A Bengali goes on a crusade at Onam in Auckland
What a melting pot New Zealand is, with its tapestry of cultures that coexist in this tiny, diverse Nation! It took me to step out of the country to taste a different India from where I grew up.
As a Bengali brought up in Kolkata, I had never experienced Onam, the Malayalee (also spelt Malayali) community’s biggest festival. My own cultural roots are a source of immense pride and identity for me, but the opportunity to experience other traditions is always special.
Onam is the biggest festival celebrated by the Malayalee community in Kerala.
The 10-day long fiesta is celebrated during the harvest period of late August and early September, to celebrate the homecoming of Kerala’s mythical King Mahabali.

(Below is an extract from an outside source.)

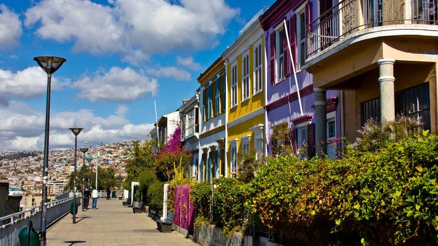 La nota discordante a tanta globalización nos llega laderas arriba. En los cerros, como se dicen por estos lares: 42 en total que se fueron llenando de casas a lo largo de los siglos, primero por puro esnobismo y luego por las estrecheces de un ‘Plan’ rodeado por montañas por todas partes menos por una que se llama Océano Pacífico. Casi nada. Por esnobismo, decíamos, porque los primeros cerros, más allá de los ocupados por las antiguas defensas de la época de la Colonia, fueron asiento de comerciantes ingleses, alemanes y españoles que construyeron pequeños palacetes de madera con amplios jardines para alejarse un poco del trajín de la ciudad. Casonas que aún pueden verse en lugares como el Cerro Alegre, patria chica de los ingleses que se instalaron en la ciudad o el vecino Cerro Concepción, con impresionantes miradores sobre un mar que, paradójicamente, es más cercano desde las alturas que a ras de agua, allá en ‘El Plan’.

This year, Mahabali made a pit stop at the Organisation of Hindu Malayalees New Zealand (OHM NZ)’s Grand Onam Festival at the Mahatma Gandhi Centre on Saturday, September 2, 2023. In his speech, he said, he stopped over in Tāmaki Makaurau to shower his blessings to those living in Aotearoa, New Zealand.
I got to meet the King, thanks to an invite from Devi Shobhana the Secretary at OHM NZ and watched the multicultural event put up by the organisation. Sure, there were no boat races or caparisoned elephants in sight, but a series of music and dance recitals from across Indian states more than made up for it. My absolute favourite was the traditional Panchari Melam session, a percussion ensemble, featuring Kerala’s ethnic Chenda drums and cymbals.
The joy of Onam Sadhya
The foodie in me would be lying if I did not say what got me grinning ear to ear was the joy of experiencing Onam Sadhya, the grand feast associated with Onam. The Onam Sadhya is a traditional vegetarian feast served on a banana leaf. Long rows of tables were set, adorned with paper plates that looked like banana leaves, a testament to the meticulous planning that went into this feast.
I sat down on an empty chair, whispering to myself, ‘Dear Mahabali, please make me sit next to a Malayalee.’ And he granted my wish, as I introduced myself to Manasi Gaonkar, a part Malayalee, strongly attached to her roots. Manasi, works in Operations Management at the Auckland Airport and for the next 30 minutes, she guided me to devour the grand feast, explaining each item of the lavish spread.
The gastronomic journey that followed was nothing short of astounding. From crispy banana chips and pappadam to a delectable assortment of pickles and chutneys, and the curries that followed, every bite was a revelation of flavours and textures.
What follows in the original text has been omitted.